=== Activity ===
Would you please transcribe, exactly as written, the lines of the entries below starting at the one that holds "Lana Striped Crew" and ending at the one that holds "Villas con 3", both included?

=== Exercise data ===
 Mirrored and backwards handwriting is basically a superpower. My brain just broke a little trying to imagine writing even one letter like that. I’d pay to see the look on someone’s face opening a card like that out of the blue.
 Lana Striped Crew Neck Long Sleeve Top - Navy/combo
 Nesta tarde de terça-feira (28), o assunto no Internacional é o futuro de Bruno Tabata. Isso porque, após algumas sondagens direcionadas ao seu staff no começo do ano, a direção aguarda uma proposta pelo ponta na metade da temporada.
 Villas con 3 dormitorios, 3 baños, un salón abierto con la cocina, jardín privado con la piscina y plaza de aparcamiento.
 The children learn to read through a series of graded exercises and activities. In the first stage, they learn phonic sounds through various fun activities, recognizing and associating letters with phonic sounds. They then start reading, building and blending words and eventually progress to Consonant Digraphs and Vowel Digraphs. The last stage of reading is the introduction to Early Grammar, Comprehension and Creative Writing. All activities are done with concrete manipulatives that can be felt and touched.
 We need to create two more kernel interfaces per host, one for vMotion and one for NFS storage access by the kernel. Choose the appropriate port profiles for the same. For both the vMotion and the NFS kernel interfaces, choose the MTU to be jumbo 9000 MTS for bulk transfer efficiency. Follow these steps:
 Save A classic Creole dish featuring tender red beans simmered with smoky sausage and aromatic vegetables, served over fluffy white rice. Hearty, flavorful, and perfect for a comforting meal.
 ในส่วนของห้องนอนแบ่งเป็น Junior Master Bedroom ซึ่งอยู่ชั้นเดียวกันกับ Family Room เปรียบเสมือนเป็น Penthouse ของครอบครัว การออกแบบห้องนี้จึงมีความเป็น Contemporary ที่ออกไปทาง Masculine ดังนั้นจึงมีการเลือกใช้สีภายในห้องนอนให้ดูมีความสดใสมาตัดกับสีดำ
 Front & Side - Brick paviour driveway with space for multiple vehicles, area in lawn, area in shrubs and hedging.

...

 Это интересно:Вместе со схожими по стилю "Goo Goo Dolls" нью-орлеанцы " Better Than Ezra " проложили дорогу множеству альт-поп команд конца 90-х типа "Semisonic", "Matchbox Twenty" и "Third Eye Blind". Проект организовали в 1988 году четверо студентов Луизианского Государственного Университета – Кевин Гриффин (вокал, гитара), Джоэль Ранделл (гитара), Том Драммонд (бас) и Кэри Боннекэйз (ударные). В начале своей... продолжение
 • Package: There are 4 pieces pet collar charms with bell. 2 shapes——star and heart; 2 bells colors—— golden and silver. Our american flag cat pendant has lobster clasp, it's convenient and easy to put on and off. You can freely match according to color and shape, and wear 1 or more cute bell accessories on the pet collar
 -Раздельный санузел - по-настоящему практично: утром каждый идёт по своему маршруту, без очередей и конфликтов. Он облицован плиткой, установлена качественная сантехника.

=== Output below ===
 Lana Striped Crew Neck Long Sleeve Top - Navy/combo
 Nesta tarde de terça-feira (28), o assunto no Internacional é o futuro de Bruno Tabata. Isso porque, após algumas sondagens direcionadas ao seu staff no começo do ano, a direção aguarda uma proposta pelo ponta na metade da temporada.
 Villas con 3 dormitorios, 3 baños, un salón abierto con la cocina, jardín privado con la piscina y plaza de aparcamiento.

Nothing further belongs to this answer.